Orange: Manifold Learning
Sumber: https://docs.biolab.si//3/visual-programming/widgets/unsupervised/manifoldlearning.html
Nonlinear dimensionality reduction.
Input
Data: input dataset
Output
Transformed Data: dataset with reduced coordinates
Manifold Learning is a technique which finds a non-linear manifold within the higher-dimensional space. The widget then outputs new coordinates which correspond to a two-dimensional space. Such data can be later visualized with Scatter Plot or other visualization widgets.
- Method for manifold learning:
- t-SNE
- MDS, see also MDS widget
- Isomap
- Locally Linear Embedding
- Spectral Embedding
- Set parameters for the method:
- t-SNE (distance measures):
- Euclidean distance
- Manhattan
- Chebyshev
- Jaccard
- Mahalanobis
- Cosine
- MDS (iterations and initialization):
- max iterations: maximum number of optimization interactions
- initialization: method for initialization of the algorithm (PCA or random)
- Isomap:
- number of neighbors
- Locally Linear Embedding:
- method:
- standard
- modified
- hessian eigenmap
- local
- number of neighbors
- max iterations
- method:
- Spectral Embedding:
- affinity:
- nearest neighbors
- RFB kernel
- affinity:
- t-SNE (distance measures):
- Output: the number of reduced features (components).

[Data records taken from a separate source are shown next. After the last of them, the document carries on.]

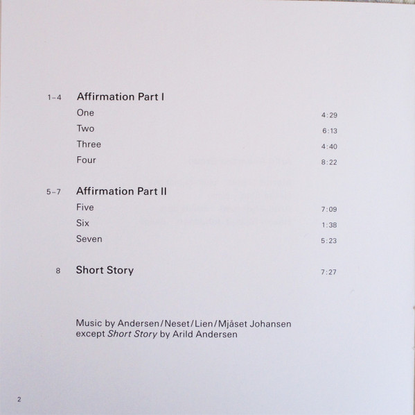 Arild Andersen, норвезький контрабасист і композитор, відомий своїм новаторським підходом до джазу, знову здивував. Його гурт забезпечує унікальне поєднання free improvisation і contemporary jazz, що робить "Affirmation" музично різноманітним та інтригуючим.
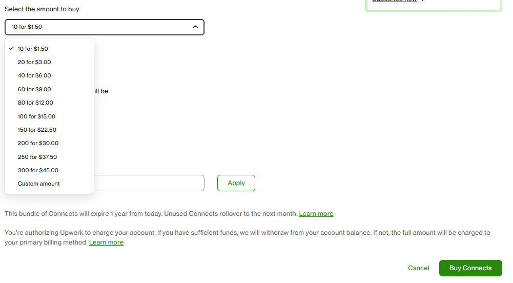 First of all, Connects are credits inside Upwork , you can use it to apply for jobs , boost your profile and bid for projects.Therefore , as of today 10 connects cost around 1.5 USD. On an average , usually a job costs you around 12-24 Connects to apply.
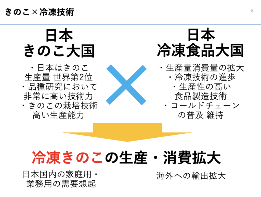 きのこ技術が高く、冷凍技術の高い日本が今後の「冷凍きのこ」の可能性を語りました。
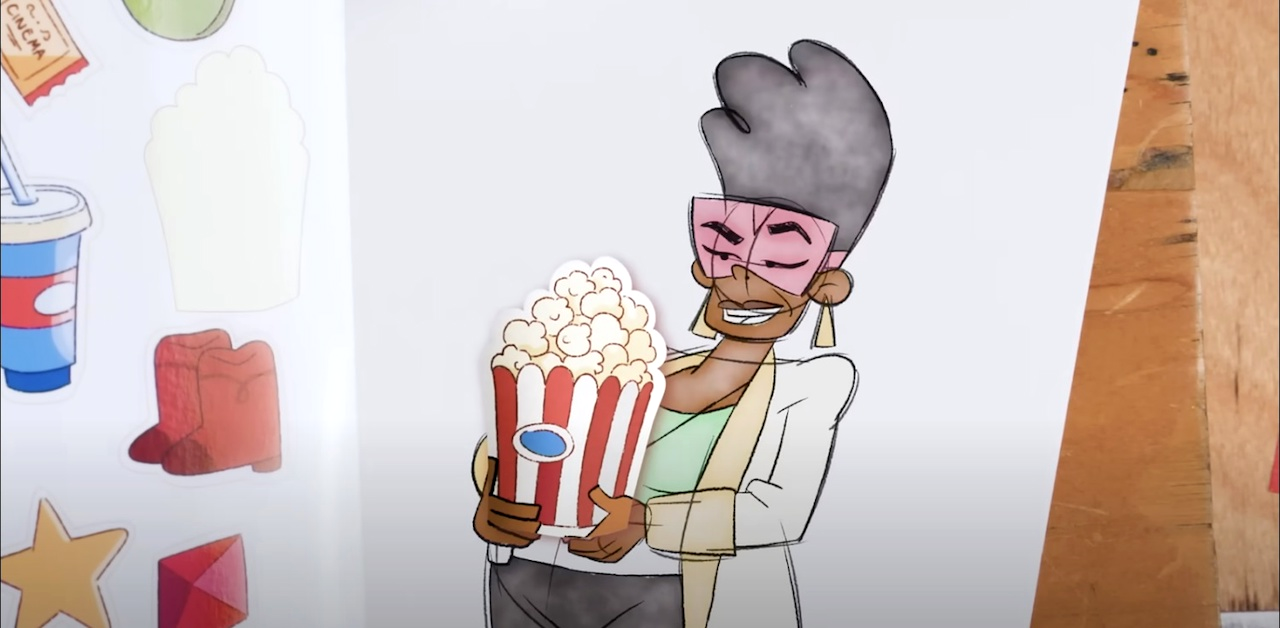 We’ve already seen some characters from Big City Greens in this short form series, but now it’s Gramma’s turn. Of course, she doesn’t trust our animator and swindles him into drawing her trademark sword, allowing her to jump off the page and create havoc.

- If Apply automatically is ticked, changes will be propagated automatically. Alternatively, click Apply.
- Produce a report.
Manifold Learning widget produces different embeddings for high-dimensional data.
From left to right, top to bottom: t-SNE, MDS, Isomap, Locally Linear Embedding and Spectral Embedding.
Contoh
Manifold Learning widget transforms high-dimensional data into a lower dimensional approximation. This makes it great for visualizing datasets with many features. We used voting.tab to map 16-dimensional data onto a 2D graph. Then we used Scatter Plot to plot the embeddings.